Representatives of the CEC Ministers of Strasbourg

The Ministers Deputies (or Ministers' Deputies) are the representatives of the Council of Europe Committee of Ministers at Strasbourg.

While the Committee of Ministers is the executive organ of the Council of Europe, it actually only meets once year in Strasbourg, in what are known as the ministerial sessions. Its day-to-day work is carried out by the deputies, who are the permanent representatives, mostly of ambassadorial rank, the heads of their countries’ diplomatic missions in Strasbourg. So most of the time that the Committee of Ministers is quoted as having done something, it is actually the deputies who have taken the decision. Their decisions have the same weight and effect as the Committee of Ministers.

The Deputies currently meet at least once a week in plenary, usually on a Wednesday, in the great Committee of Ministers meeting room at the front of the Palace of Europe, and several times a week in committee, as one of their rapporteur groups, or ad hoc working groups. The frequency of meetings has increased considerably since 1989. They have regular special human rights meetings in their capacity of supervising the execution of the judgments of the European Court of Human Rights.

The chairmanship of the deputies changes every six months, at each session of the Committee of Ministers, following the English alphabetical order of member states. The current chair (November 2021 – May 2022) is Italy.
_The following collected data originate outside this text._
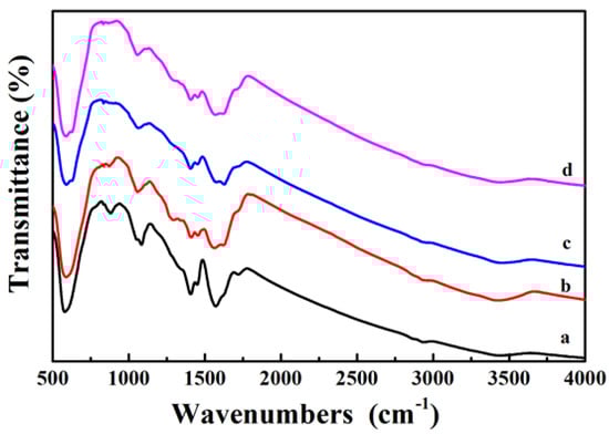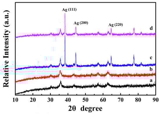 Figure 5a is the FTIR spectrum of the Fe3O4 core, where the broad peaks at 1413 cm−1 and 1622 cm−1 are corresponded to the vibrational absorption of the COO– and O–H bonds of the PAA, which is used as the surfactant during the synthesis of Fe3O4 nanosphere. Here, the peak observed at 3440 cm−1 is originated from the stretching vibration of O–H. After coating a PDA shell on Fe3O4, the strong vibration absorption band (Fe–O vibration absorption) at 595 cm−1 gradually weakened. The PDA shell is very thin and the absorption band of the PDA is weak, so the curve of Fe3O4@PDA has no additional key absorption peaks (Figure 5b). When Ag nanoparticles are fixed to the surface of the PDA shell, the vibration absorption of the Fe–O bond at 595 cm−1 is further reduced (Figure 5c). Finally, the broad absorption between 1000 and 1700 cm−1 demonstrates the presence of PAA and PDA polymers in the Fe3O4@PDA/Ag/PDA nanospheres (Figure 5d).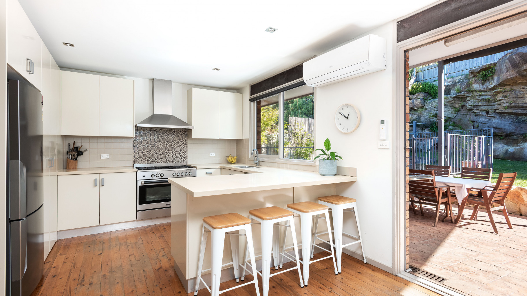 - Three light filled bedrooms, all with plantation shutters and mirrored built in wardrobes. Air conditioned main bedroom opens to private courtyard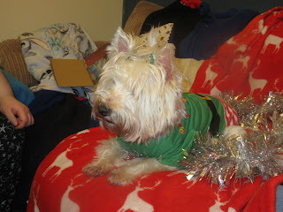 Lilie had an elf outfit. She wore this one last year too, but this year she’s wearing the festive collar I made her with it instead of one of her holiday bandanas, has little clips with tiny Christmas trees on them in her fur near her ears, and isn’t wearing the snowflake doggy legwarmers she wore with it last year. Anyway, here’s our little Westie elf: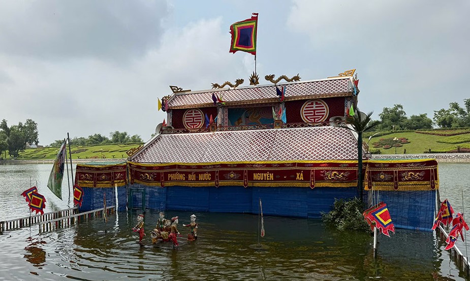 Tiết mục biểu diễn của phường rối nước Nguyên Xá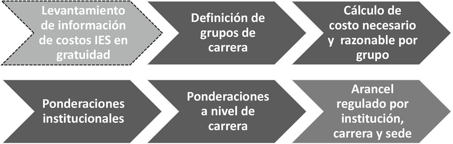 El presente documento se estructura en dos grandes secciones. La primera contiene los antecedentes de la metodología, exponiendo la que actualmente se utiliza en la determinación del arancel regulado, el proceso previo de recolección de información y los análisis realizados en base a la información de costos levantada por la Subsecretaría. La siguiente sección presenta las bases técnicas propiamente tal, con las consideraciones necesarias para establecer los grupos de carreras, su aplicación y los primeros grupos de carreras que serán regulados, al igual que los criterios de cálculo junto a la fórmula de determinación del arancel regulado que sustentará el financiamiento institucional para la gratuidad.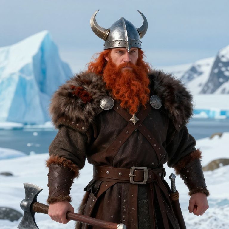 "Lovely Civilization game art, Age of Mythology artwork, Eric Le Rouge, Eiríkr Þorvaldsson, vikings, red beard, red hair, viking helmet, ax in hand, Greenland, ice berg in background,"
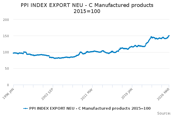 Download this time seriesPPI INDEX EXPORT NEU - C Manufactured products 2015=100
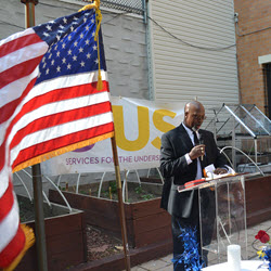 Joshua Alcide, Housing Service Coordinator for our Supportive Services for Veteran Families program, led in the singing of the national anthem which was immediately followed by US Army Veteran Sergeant Stephan Hall (pictured right) giving the benediction. Stephan recently became a chaplain and is S:US’ Veterans Outreach Coordinator.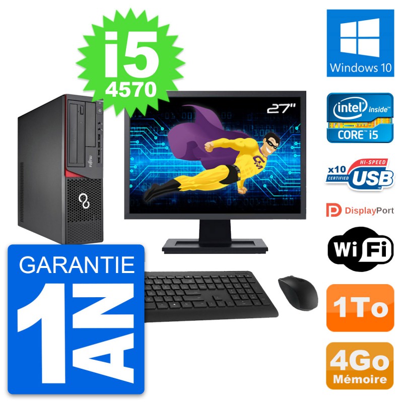 PC Fujitsu E720 DT - Intel Core i5-4570 3.2 Ghz (6 Mo) - 4 Go DDR3 - Disque Dur 3,5" 1 To - Graveur DVD - Clef Wifi USB - Windows 10 - Livré avec Ecran 27" + clavier + souris (Marques et modèles variables) - Garantie 1 an.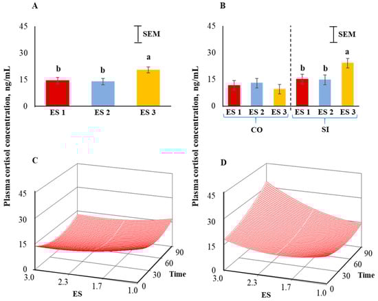 (A) Main effect of excitability score (ES) in goats (p < 0.05; n = 13 in ES 1, 11 in ES 2, 12 in ES 3), (B) ES × TRT interaction means (averaged across the 4 time periods), and response surface quadratic model representing the effect of ES over time on plasma cortisol concentrations in (C) CO and (D) SI treatment groups. ab Within a chart, bars with different letters differ significantly (p < 0.05) by pdiff procedure.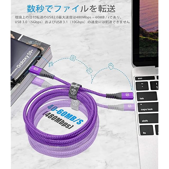 【高品質のUSB C-USB C ケーブル 】:USB-Cポート付きのデバイス(スマホ、タブレット)をUSB-Cポート付きのデバイス(パソコン、チャージャー)に接続するケーブルです。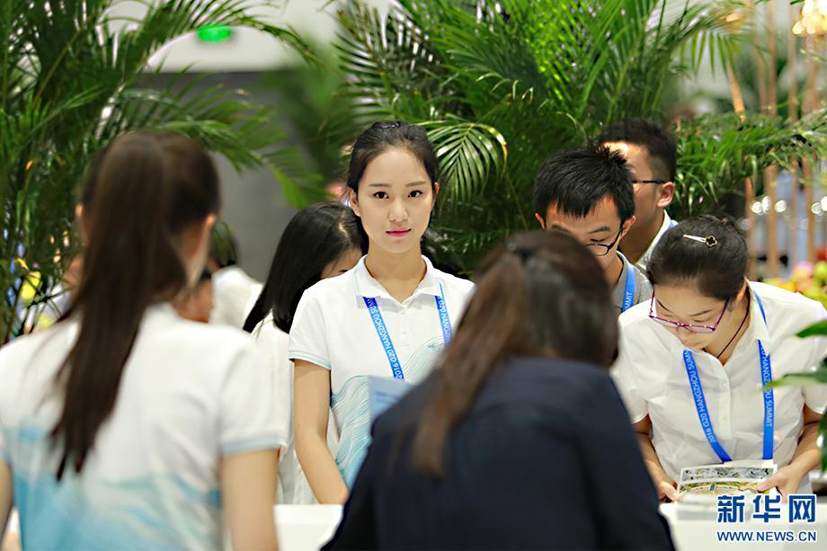 9月4日至5日,二十國集團(tuán)領(lǐng)導(dǎo)人杭州峰會在浙江杭州舉行。全球媒體人匯聚一堂,關(guān)注報道峰會盛況。在G20杭州峰會新聞中心,200多位志愿者身著青白色運動服,男生外套上藍(lán)下白,象征層巒疊嶂;女生外套上白下藍(lán),意味水波蕩漾。兩者輝映,體現(xiàn)了杭州這座古城湖光山色的獨特風(fēng)韻。“小青荷”是此次峰會志愿者的代名詞。這個名字取自宋代詩人楊萬里描寫杭州的詩句“接天蓮葉無窮碧,映日荷花別樣紅”,“青荷”也音同“親和”,他們成了G20杭州峰會新聞中心里一道亮麗的風(fēng)景。新華網(wǎng) 祝立銘 攝 圖片來源:新華網(wǎng)

There is also a Bureau, set up in 1975 to assist the chairmanship, which consists of the current chair, the two previous and the three future chairpersons.

== History ==
The system of permanent representatives was set up by the Committee of Ministers in May 1951. It was the following year that they took a separate decision to appoint a deputy to whom they delegated most of the work. Legally, therefore, the deputies and the permanent representatives are distinct, although for practical purposes they are almost always the same person. While they currently all reside in Strasbourg, this is not obligatory, and Ireland and Iceland only opened missions there in the 1990s.